Montreal's Controversial REM de l'Est Got Roasted By The Regional Transit Agency

The ARTM says the light-rail network wouldn't meet the needs of most East End Montrealers.

Contributing Writer
Montreal's Controversial REM de l'Est Got Roasted By The Regional Transit Agency

The Autorité régionale de transport métropolitain (ARTM) has released their official opinion about the REM de l'Est. They say the light-rail network wouldn't attract enough users to be worth the initial cost of building it, let alone the costs to maintain it.

The first reason cited for their decision was that the new rail wouldn't adequately meet the needs of the communities of Montreal's East End. The REM de l'Est would link Montréal-Nord and Pointe-aux-Trembles to the centre of the city via two branches that would converge in Mercier–Hochelaga-Maisonneuve and then run roughly parallel to the STM's green line to boulevard Robert-Bourassa.

According to the ARTM, only 12% of trips made in the East End are commutes downtown. The funding for the new rail, the regional transit authority argues, could better serve the community by providing better transit options to places people are actually going.

The project also wouldn't encourage new use of public transit, making such a large investment in new transit infrastructures inadvisable, the ARTM says.
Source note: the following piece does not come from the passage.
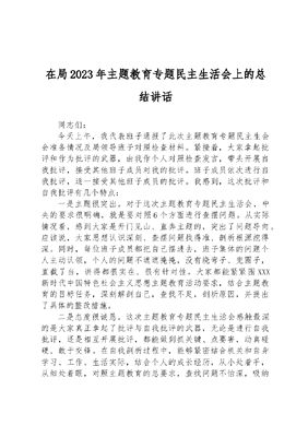在局2023年主题教育专题民主生活会上的总结讲话同志们:今天上午,我代表班子通报了此次主题教育专题民主生会会准备情况及局领导班子对照检查材料。紧接着,大家拿起批评和作为批评的武器,由我作个人对照检查发言,带头开展自我批评,接受其他班子成员对我的批评。班子成员依次进行自我批评,逐一接受其他班子成员的批评。我感到,这次批评和自我批评有几个特点:一是主题很突出。对于这次主题教育专题民主生活会,中央的要求很明确,就是要对照6个方面进行查摆问题。从实际情况看,感到大家是开门见山、直奔主题的,突出了问题导向。应该说,大家思想认识深刻、查摆问题找得准、剖析根源挖得深。同时,每位班子成员都把自己摆进去,班子集体的问题个人主动认领,个人的问题不遮遮掩掩,没有绕弯子、兜圈子,直截了当,讲得都很实在、很有针对性。大家都能紧紧围XXX新时代中国特色社会主义思想主题教育活动要求,结合主题教育的目标任务,深刻解剖自己,查找不足,剖析原因,并提出了具体的整改措施。二是态度很诚恳。这次主题教育专题民主生活会感触最深的是大家真正拿起了批评与自我批评的武器,无论是进行自我批评,还是相互开展批评,都能做到抓关键、点要害,动真碰硬、敢于交锋。在自我剖析过程中,能够紧密结合机关和自身学习、工作、生活实际,结合个人的成长经历,从小处着手,从细处着眼,对照主题教育的总要求,查找问题不怕深,吸纳意见不怕刺,亮出问题不怕丑,触及思想不怕痛,敢于拿自己开刀,表现出了很强的党性观念和大局意识,讲得很实在、很中肯,真正做到见人见事见思想。在自我批评的基础上,大家逐一进行了相互批评,从党性强不强、工作实不实、要求严不严等方面指出对方存在的问题和不足,不涂脂抹粉,不拐弯抹角,不虚晃一枪,直截了当、一针见血,与人为善、坦诚相见。我感到,这样的批评与自我批评才能够触及思想,达到团结-批评-团结的目的。这次主题教育专题民主生活会后,希望每位同志都能够从其他同志的自我批评中受到启发,对其他同志提出的批评意见进行认真思考和深入分析,并进一步修改好班子和个人的对照检查材料。三是整改措施很实在。大家在分析问题的基础上针对靶子,有的放矢,列出了若干整改措施,思路清晰、具体实在,针对性强,这些都体现了自我提高、自我完善的决心,体现了从我做起、真整实改的态度,为下一步抓好整改落实奠定了坚实基础。总的来看,这次主题教育专题民主生活会认真贯彻了党中央和省市委的要求,充满了团结、紧张、严肃、活泼的政治气氛,体现了敢于动真碰硬、主动揭短亮丑的整风精神,体现了诚恳帮助同志、自觉维护团结的政治自觉,会议氛围和效果都比较好,是近年来高质量的一次领导班子民主生活会,必将对今后卫生计生的改革发展和党的建设以及领导班子建设产生积极影响。今后工作中我局将继续在推进整改落实上下功夫。以此次主题教育为契机,认真落实XXX讲话精神,牢固树立作风建设永远在路上的思想,不懈怠、不松劲,在前面工作的基础上继续抓好专项整治,对已经整改的要巩固成果,防止反弹,正在整改的要加大力度,抓好落实,尚未整改的要尽快整改,落实到位,坚决不留空档,不留空白,不留死角,确保实践目标兑现承诺,务求群众满意的效果。要在建立健全科学管用的制度体系上下功夫。这次主题教育,为全局发展以及干部队伍的建设积累了很多好的经验和好的做法,要进一步研究规律,把成功做法经验化,零星探索系统化,有效措施制度化,对已有的制度要根据新的情况不断健全和完善。要发扬改革精神,树立法治思维,把上级要求、群众企盼、实际需要、新鲜的经验有机结合起来,加大制度创新力度,形成系统完备的制度体系,注重铲除不良的作风,实现活动的常态化。要在推进党的作风建设,形成改进作风新常态上下功夫。我们要认真学习贯彻XXXXXX系列讲话精神,切实负起党委抓党建的主体责任、党委书记抓党建的一把手责任,把思想作风建设作为长期任务扛在肩上,抓在手中,积极引导党员干部强化人民的角色定位,自觉增强群众意识和群众观念,密切党和群众的血肉联系。把实践好、维护好、发展好最广大人民群众的利益为出发点和落脚点,自觉弘扬和实践理论联系实际,密切联系群众,批评与自我批评的优良作风。

They project that the REM de l'Est would simply pull public transit users from pre-existing modes of transportation, such as the metro's green line and the Mascouche commuter train. "In other words, the project poses a problematic competition issue with two major services of the existing network, which will still have residual capacity by 2031," the ARTM said in a press release on February 8.
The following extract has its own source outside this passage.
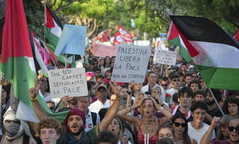 The PLEDGE, Organized by Film Workers For Palestine-a group of film creatives based in Various Countries formed in 2024-Follows a Pro-Palestinian Demonstation At the recent venice interactive film festive That Drew an Estimated 10,000 people. That following a call by a group called canice4Palestine for the festival to condemn the destruction in gaza.

With all this in mind, the ARTM believe that the REM de l'Est wouldn't be worth the upkeep costs — especially for the communities it would be meant to serve. "It could lead to an increase in municipal contributions by $98 million per year, including an additional financial burden for the communities served by the Mascouche train," the ARTM explained.

"It's important to improve public transit in this part of the metropolitan area, taking into account the needs of the residents of the East of the Island of Montreal and the North Shore," the ARTM concluded. And for the ARTM, the REM de l'Est just doesn't cut it.